Note: Step 1 and Step 2 are optional, as the weights of the target model for the TinyImagenet dataset are available for download from this link. After downloading the file, move it to the target_models
directory and unzip it by running unzip results.zip && rm results.zip
. Additionally, the results
folder also contains the adversarial examples generated using the TinyImagenet dataset.
Note: Step 3(1) is optional, as the model weights for ViTMAE are available for download from this link.
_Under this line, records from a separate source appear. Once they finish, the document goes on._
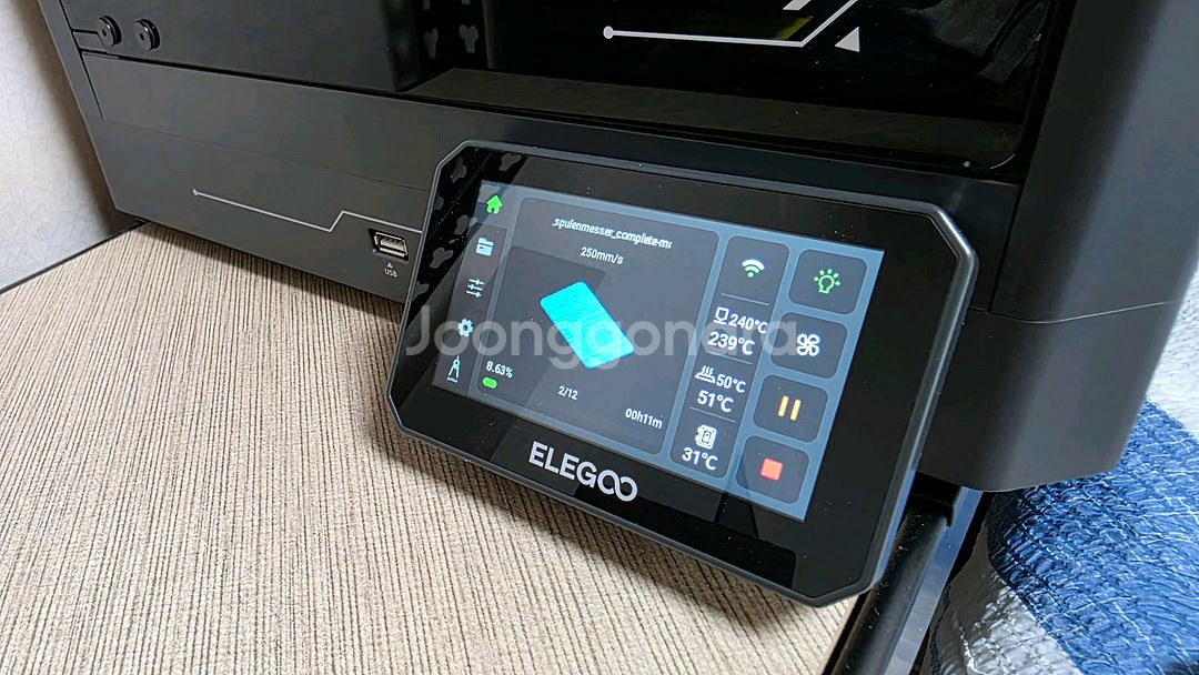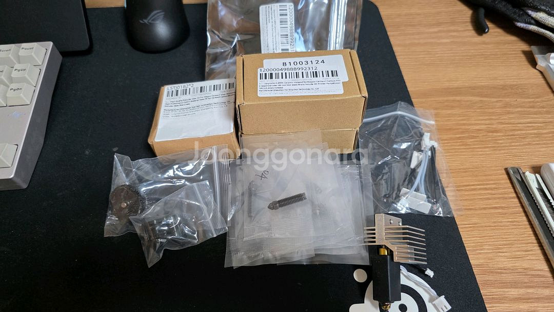 부피가 커 직거래만 신당역 근처 집앞에서 가능합니다 자차로 가져가셔야 할것 같습니다 국내 정식수입 제품이며 제조년월 2025/05로 AMS커넥터/LED 등 개선 제품입니다 총 출력시간 32시간 40분이며 기변예정으로 판매합니다 순정핫엔드와 노즐은 출력중 막혀서 알리 0.4mm 핫엔드 세트로 교체했고 정상출력 됩니다 익스트루더 기어도 알리에서 스틸로 구매 후 교체해두었습니다 채팅주시면 부품들 구매내역 스크린샷 보내드리겠습니다 핫엔드 세트/스틸 익스기어 교체 후 15분 테스트출력만 진행한 상태입니다 모든 구동축에 슈퍼루브 구리스 도포해두었고 정비편의를 위해 핫엔드/익스기어 분해에 필요한 나사들은 십자나사로 교체해두었습니다 핫엔드 실리콘커버 9개 0.4mm 핫엔드세트 1개 0.4mm 노즐 10개 세라믹히터+서미스터 3개 스틸 익스트루더 기어세트 1개 상단 유리거치대/똥통 등 출력품(PLA CF) 켁셀드 K5 PLA CF 800g PTFE 튜브+필라 센서 연결어댑터 출력물(건조통 미포함) 구성품들이며 포장박스만 제외한 모든구성품 포함입니다 공장초기화 후 셀프보정 진행해두었고 설치하시고 보정 한번 해주시면 바로 출력가능합니다 정상출력 확인 후 판매진행하니 추후 발생하는 문제는 직접 해결해주셔야 합니다 이로인한 반품/환불은 불가합니다 새제품이 아니므로 작은 까짐/기스들이 있을 수 있습니다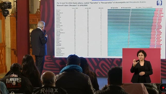 El presidente también informó una encuesta con la aprobación hacia su mandato donde es muy alta en promedio al igual que el caso específico de San Luis Potosí, estado gobernado por su aliado Ricardo Gallardo Cardona, donde es del 80 por ciento.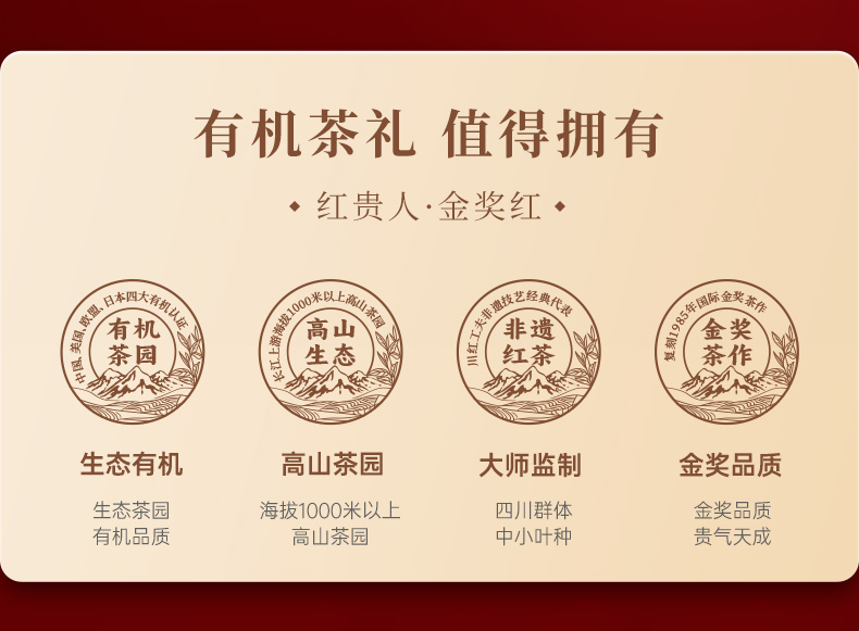 川红茶叶 川红非遗特级工夫红茶金奖85礼盒 橘糖香茶叶250g礼盒内含盖碗茶具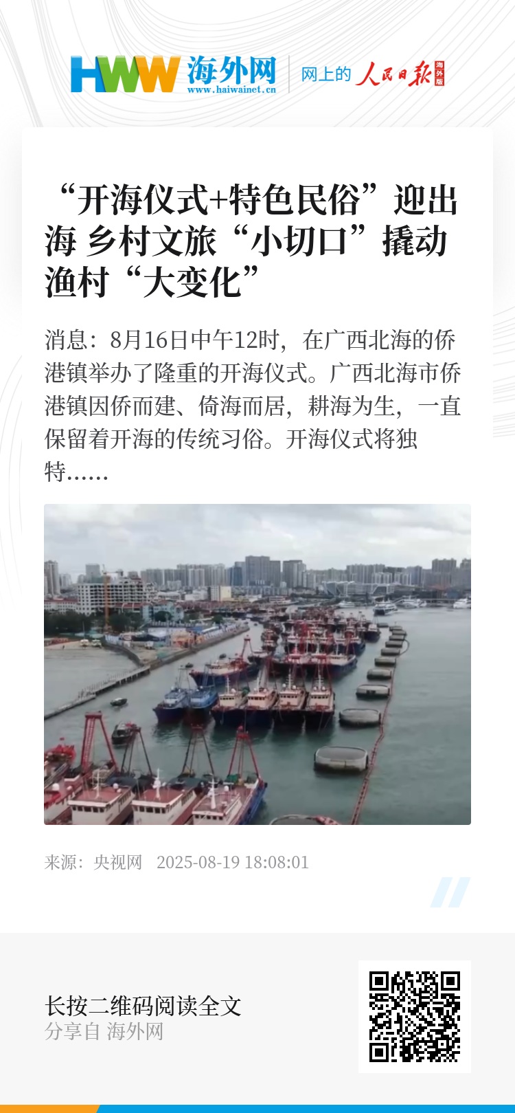 央视网消息:8月16日中午12时,在广西北海的侨港镇举办了隆重的开海仪式。

After downloading the file, move it to the detection
directory and unzip it by running unzip results.zip && rm results.zip
.
Note: Users can proceed directly to Step 3(2) to execute the detection process.
In the main directory, run cd target_models/run
A target ViT model can be trained by running
python3 train.py --dataset TinyImagenet
The model will be trained, saved into the target_models/results/ViT-16/TinyImagenet/
subfolder, and named
weights.pth
. The dataset used for training can be modified to CIFAR10
or CIFAR100
as needed.
Note: In the file target_models/WhiteBox.py
, the path defined in the 9th line should be modified to reflect the actual path of the repository on your system.
To craft adversarial samples, run
python3 attack.py --dataset TinyImagenet --attack PGD
The DataLoader holding the adversarial samples will be stored in the target_models/results/ViT-16/TinyImagenet/adv_results
subfolder.
In this example, the PGD attack is utilized; however, it can be substituted with other attack methods, including FGSM
, APGD
, CW
, SGM
, PatchFool
, AttentionFool
, SE
, and TR
. The dataset can be changed to CIFAR10
or CIFAR100
. The target_models/run/Table1.ipynb
shows the classification accuracy of adversarial examples generated by various attacks.
The detection mechanism comprises two stages: (1) training an MAE model for image reconstruction and (2) employing ViTGuard detectors.
In the main directory, run cd detection/run
(1) To train an MAE model, run
python3 train_mae.py --dataset TinyImagenet
The model will be trained, saved into the detection/results/TinyImagenet/
subfolder, and named weights.pth
.
(2) We proposed two individual detectors based on the attention and CLS representation, respectively. To get the AUC score for the detection method, run
python3 detection.py --dataset TinyImagenet --attack PGD --detector Attention
The detector can also be replaced with CLS
to evaluate the CLS-based detector. The PGD
attack can be substituted with other attack methods, including FGSM
, APGD
, CW
, SGM
, PatchFool
, AttentionFool
, SE
, and TR
.
(1) To replicate the results presented in Table 3, navigate to the detection/run
directory and execute the following command:
python3 table3.py --attack PGD --detector RL
The detector can be replaced with Attention
, CLS
, PD_T10
, and PD_T40
. The PGD
attack can be substituted with other attack methods, including CW
, PatchFool
, SGM
, and TR
.
(2) To replicate the results presented in Table 4, navigate to the detection/run
directory and execute the following command:
python3 table4.py --attack PGD --detector Attention --masking salient
The masking argument can also be set to non-salient
and random
. The detector can be replaced with CLS
. The PGD
attack can be substituted with other attack methods, including FGSM
, CW
, APGD
, SGM
, SE
, and TR
.
(3) To replicate the results presented in Table 5, begin by downloading the additional MAE model weights, trained with different masking ratios, from this link. Save the downloaded zip file in the detection/run
directory and unzip it. Then, under the detection/run
directory, execute the following command:
python3 table5.py --attack PGD --ratio 0.25 --detector Attention
The ratio argument can also be set to 0.5
and 0.75
. The detector can be replaced with CLS
. The PGD
attack can be substituted with other attack methods, including FGSM
, CW
, APGD
, SGM
, SE
, and TR
.
For reference, we present the training and inference times for the ViT-16 and MAE models on the Tiny-ImageNet dataset. It is important to note that the training time is reported per epoch, and the actual total training time vary depending on the number of epochs. In this study, we employed 50 epochs for fine-tuning ViT-16 (Step 1) and 500 epochs for training MAE (Step 3(1)). Additionally, the inference time is measured per individual sample.
Model | Training | Inference |
---|---|---|
ViT-16 | 255 s | 0.2 ms |
MAE | 660 s | 2.4 ms |